## TASK PROMPT
Each record is to be copied exactly as written.

Stored records:
BEGIN

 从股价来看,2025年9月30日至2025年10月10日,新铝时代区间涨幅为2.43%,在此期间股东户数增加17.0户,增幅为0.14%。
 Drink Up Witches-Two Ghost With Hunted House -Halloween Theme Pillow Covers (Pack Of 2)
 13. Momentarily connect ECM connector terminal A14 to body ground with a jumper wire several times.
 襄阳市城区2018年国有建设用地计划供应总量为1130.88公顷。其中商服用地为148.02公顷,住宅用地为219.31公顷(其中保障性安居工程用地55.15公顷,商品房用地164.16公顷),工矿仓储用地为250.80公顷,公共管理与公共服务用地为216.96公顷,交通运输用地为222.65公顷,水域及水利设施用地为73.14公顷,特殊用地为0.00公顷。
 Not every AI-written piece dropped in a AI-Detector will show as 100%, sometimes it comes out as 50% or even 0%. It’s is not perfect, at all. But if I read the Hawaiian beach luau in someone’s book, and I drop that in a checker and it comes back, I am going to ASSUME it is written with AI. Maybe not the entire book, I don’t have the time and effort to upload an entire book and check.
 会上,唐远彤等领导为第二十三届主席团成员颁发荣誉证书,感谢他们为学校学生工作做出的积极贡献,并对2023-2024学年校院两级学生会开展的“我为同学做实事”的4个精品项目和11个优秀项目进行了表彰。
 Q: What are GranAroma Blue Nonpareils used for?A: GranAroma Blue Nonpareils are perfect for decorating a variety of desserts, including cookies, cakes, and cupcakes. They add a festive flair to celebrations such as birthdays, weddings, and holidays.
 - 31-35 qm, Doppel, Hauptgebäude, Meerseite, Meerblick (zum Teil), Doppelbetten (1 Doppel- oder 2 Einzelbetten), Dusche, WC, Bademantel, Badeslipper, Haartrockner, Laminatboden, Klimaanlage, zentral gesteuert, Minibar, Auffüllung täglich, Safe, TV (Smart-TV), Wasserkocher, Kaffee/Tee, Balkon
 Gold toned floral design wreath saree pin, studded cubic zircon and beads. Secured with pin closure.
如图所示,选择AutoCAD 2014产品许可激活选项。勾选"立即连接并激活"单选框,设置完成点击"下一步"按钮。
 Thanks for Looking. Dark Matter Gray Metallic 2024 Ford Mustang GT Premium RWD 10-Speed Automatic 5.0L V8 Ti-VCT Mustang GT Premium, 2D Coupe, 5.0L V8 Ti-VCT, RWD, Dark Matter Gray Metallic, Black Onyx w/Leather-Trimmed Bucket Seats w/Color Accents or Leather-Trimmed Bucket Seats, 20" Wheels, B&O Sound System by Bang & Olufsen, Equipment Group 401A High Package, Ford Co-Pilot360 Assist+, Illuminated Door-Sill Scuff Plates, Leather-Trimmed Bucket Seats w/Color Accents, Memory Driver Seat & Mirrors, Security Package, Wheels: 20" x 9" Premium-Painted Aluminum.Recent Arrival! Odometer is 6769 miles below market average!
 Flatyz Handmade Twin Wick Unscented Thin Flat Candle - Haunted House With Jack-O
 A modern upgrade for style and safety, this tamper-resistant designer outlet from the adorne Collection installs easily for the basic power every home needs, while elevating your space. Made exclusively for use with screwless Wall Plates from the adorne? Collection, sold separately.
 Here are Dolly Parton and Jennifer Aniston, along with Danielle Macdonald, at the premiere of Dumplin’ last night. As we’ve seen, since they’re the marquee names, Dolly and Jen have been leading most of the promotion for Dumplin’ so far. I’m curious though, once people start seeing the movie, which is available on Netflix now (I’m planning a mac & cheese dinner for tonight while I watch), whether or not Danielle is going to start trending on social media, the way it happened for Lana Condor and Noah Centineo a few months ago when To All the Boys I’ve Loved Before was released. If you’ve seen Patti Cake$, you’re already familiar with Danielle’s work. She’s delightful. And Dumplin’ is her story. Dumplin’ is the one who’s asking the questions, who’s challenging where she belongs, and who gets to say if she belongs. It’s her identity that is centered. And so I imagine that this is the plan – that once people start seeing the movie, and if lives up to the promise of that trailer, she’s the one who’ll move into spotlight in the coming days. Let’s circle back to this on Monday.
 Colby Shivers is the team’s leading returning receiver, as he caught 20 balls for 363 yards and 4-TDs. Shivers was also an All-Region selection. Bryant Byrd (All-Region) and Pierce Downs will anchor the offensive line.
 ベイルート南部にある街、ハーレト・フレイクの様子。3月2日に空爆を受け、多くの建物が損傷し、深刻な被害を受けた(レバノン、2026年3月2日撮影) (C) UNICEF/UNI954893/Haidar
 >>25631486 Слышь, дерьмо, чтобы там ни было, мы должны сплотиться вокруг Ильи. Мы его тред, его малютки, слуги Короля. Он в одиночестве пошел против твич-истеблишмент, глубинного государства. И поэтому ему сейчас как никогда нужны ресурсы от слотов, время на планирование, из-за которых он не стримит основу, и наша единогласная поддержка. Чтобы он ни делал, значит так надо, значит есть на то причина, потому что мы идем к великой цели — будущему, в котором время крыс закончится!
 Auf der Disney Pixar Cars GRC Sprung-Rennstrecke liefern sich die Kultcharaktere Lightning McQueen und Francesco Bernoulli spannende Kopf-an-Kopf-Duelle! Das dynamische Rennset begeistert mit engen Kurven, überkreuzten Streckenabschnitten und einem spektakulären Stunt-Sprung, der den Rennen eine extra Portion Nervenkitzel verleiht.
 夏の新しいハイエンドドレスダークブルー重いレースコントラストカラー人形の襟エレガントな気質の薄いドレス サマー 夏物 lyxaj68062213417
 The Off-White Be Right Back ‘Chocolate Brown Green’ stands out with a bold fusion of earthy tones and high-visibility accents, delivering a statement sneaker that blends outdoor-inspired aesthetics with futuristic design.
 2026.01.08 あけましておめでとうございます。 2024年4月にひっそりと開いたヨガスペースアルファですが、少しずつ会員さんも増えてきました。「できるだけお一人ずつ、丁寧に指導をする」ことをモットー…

END

## SOLUTION TO THE EXERCISE
 从股价来看,2025年9月30日至2025年10月10日,新铝时代区间涨幅为2.43%,在此期间股东户数增加17.0户,增幅为0.14%。
 Drink Up Witches-Two Ghost With Hunted House -Halloween Theme Pillow Covers (Pack Of 2)
 13. Momentarily connect ECM connector terminal A14 to body ground with a jumper wire several times.
 襄阳市城区2018年国有建设用地计划供应总量为1130.88公顷。其中商服用地为148.02公顷,住宅用地为219.31公顷(其中保障性安居工程用地55.15公顷,商品房用地164.16公顷),工矿仓储用地为250.80公顷,公共管理与公共服务用地为216.96公顷,交通运输用地为222.65公顷,水域及水利设施用地为73.14公顷,特殊用地为0.00公顷。
 Not every AI-written piece dropped in a AI-Detector will show as 100%, sometimes it comes out as 50% or even 0%. It’s is not perfect, at all. But if I read the Hawaiian beach luau in someone’s book, and I drop that in a checker and it comes back, I am going to ASSUME it is written with AI. Maybe not the entire book, I don’t have the time and effort to upload an entire book and check.
 会上,唐远彤等领导为第二十三届主席团成员颁发荣誉证书,感谢他们为学校学生工作做出的积极贡献,并对2023-2024学年校院两级学生会开展的“我为同学做实事”的4个精品项目和11个优秀项目进行了表彰。
 Q: What are GranAroma Blue Nonpareils used for?A: GranAroma Blue Nonpareils are perfect for decorating a variety of desserts, including cookies, cakes, and cupcakes. They add a festive flair to celebrations such as birthdays, weddings, and holidays.
 - 31-35 qm, Doppel, Hauptgebäude, Meerseite, Meerblick (zum Teil), Doppelbetten (1 Doppel- oder 2 Einzelbetten), Dusche, WC, Bademantel, Badeslipper, Haartrockner, Laminatboden, Klimaanlage, zentral gesteuert, Minibar, Auffüllung täglich, Safe, TV (Smart-TV), Wasserkocher, Kaffee/Tee, Balkon
 Gold toned floral design wreath saree pin, studded cubic zircon and beads. Secured with pin closure.
如图所示,选择AutoCAD 2014产品许可激活选项。勾选"立即连接并激活"单选框,设置完成点击"下一步"按钮。
 Thanks for Looking. Dark Matter Gray Metallic 2024 Ford Mustang GT Premium RWD 10-Speed Automatic 5.0L V8 Ti-VCT Mustang GT Premium, 2D Coupe, 5.0L V8 Ti-VCT, RWD, Dark Matter Gray Metallic, Black Onyx w/Leather-Trimmed Bucket Seats w/Color Accents or Leather-Trimmed Bucket Seats, 20" Wheels, B&O Sound System by Bang & Olufsen, Equipment Group 401A High Package, Ford Co-Pilot360 Assist+, Illuminated Door-Sill Scuff Plates, Leather-Trimmed Bucket Seats w/Color Accents, Memory Driver Seat & Mirrors, Security Package, Wheels: 20" x 9" Premium-Painted Aluminum.Recent Arrival! Odometer is 6769 miles below market average!
 Flatyz Handmade Twin Wick Unscented Thin Flat Candle - Haunted House With Jack-O
 A modern upgrade for style and safety, this tamper-resistant designer outlet from the adorne Collection installs easily for the basic power every home needs, while elevating your space. Made exclusively for use with screwless Wall Plates from the adorne? Collection, sold separately.
 Here are Dolly Parton and Jennifer Aniston, along with Danielle Macdonald, at the premiere of Dumplin’ last night. As we’ve seen, since they’re the marquee names, Dolly and Jen have been leading most of the promotion for Dumplin’ so far. I’m curious though, once people start seeing the movie, which is available on Netflix now (I’m planning a mac & cheese dinner for tonight while I watch), whether or not Danielle is going to start trending on social media, the way it happened for Lana Condor and Noah Centineo a few months ago when To All the Boys I’ve Loved Before was released. If you’ve seen Patti Cake$, you’re already familiar with Danielle’s work. She’s delightful. And Dumplin’ is her story. Dumplin’ is the one who’s asking the questions, who’s challenging where she belongs, and who gets to say if she belongs. It’s her identity that is centered. And so I imagine that this is the plan – that once people start seeing the movie, and if lives up to the promise of that trailer, she’s the one who’ll move into spotlight in the coming days. Let’s circle back to this on Monday.
 Colby Shivers is the team’s leading returning receiver, as he caught 20 balls for 363 yards and 4-TDs. Shivers was also an All-Region selection. Bryant Byrd (All-Region) and Pierce Downs will anchor the offensive line.
 ベイルート南部にある街、ハーレト・フレイクの様子。3月2日に空爆を受け、多くの建物が損傷し、深刻な被害を受けた(レバノン、2026年3月2日撮影) (C) UNICEF/UNI954893/Haidar
 >>25631486 Слышь, дерьмо, чтобы там ни было, мы должны сплотиться вокруг Ильи. Мы его тред, его малютки, слуги Короля. Он в одиночестве пошел против твич-истеблишмент, глубинного государства. И поэтому ему сейчас как никогда нужны ресурсы от слотов, время на планирование, из-за которых он не стримит основу, и наша единогласная поддержка. Чтобы он ни делал, значит так надо, значит есть на то причина, потому что мы идем к великой цели — будущему, в котором время крыс закончится!
 Auf der Disney Pixar Cars GRC Sprung-Rennstrecke liefern sich die Kultcharaktere Lightning McQueen und Francesco Bernoulli spannende Kopf-an-Kopf-Duelle! Das dynamische Rennset begeistert mit engen Kurven, überkreuzten Streckenabschnitten und einem spektakulären Stunt-Sprung, der den Rennen eine extra Portion Nervenkitzel verleiht.
 夏の新しいハイエンドドレスダークブルー重いレースコントラストカラー人形の襟エレガントな気質の薄いドレス サマー 夏物 lyxaj68062213417
 The Off-White Be Right Back ‘Chocolate Brown Green’ stands out with a bold fusion of earthy tones and high-visibility accents, delivering a statement sneaker that blends outdoor-inspired aesthetics with futuristic design.
 2026.01.08 あけましておめでとうございます。 2024年4月にひっそりと開いたヨガスペースアルファですが、少しずつ会員さんも増えてきました。「できるだけお一人ずつ、丁寧に指導をする」ことをモットー…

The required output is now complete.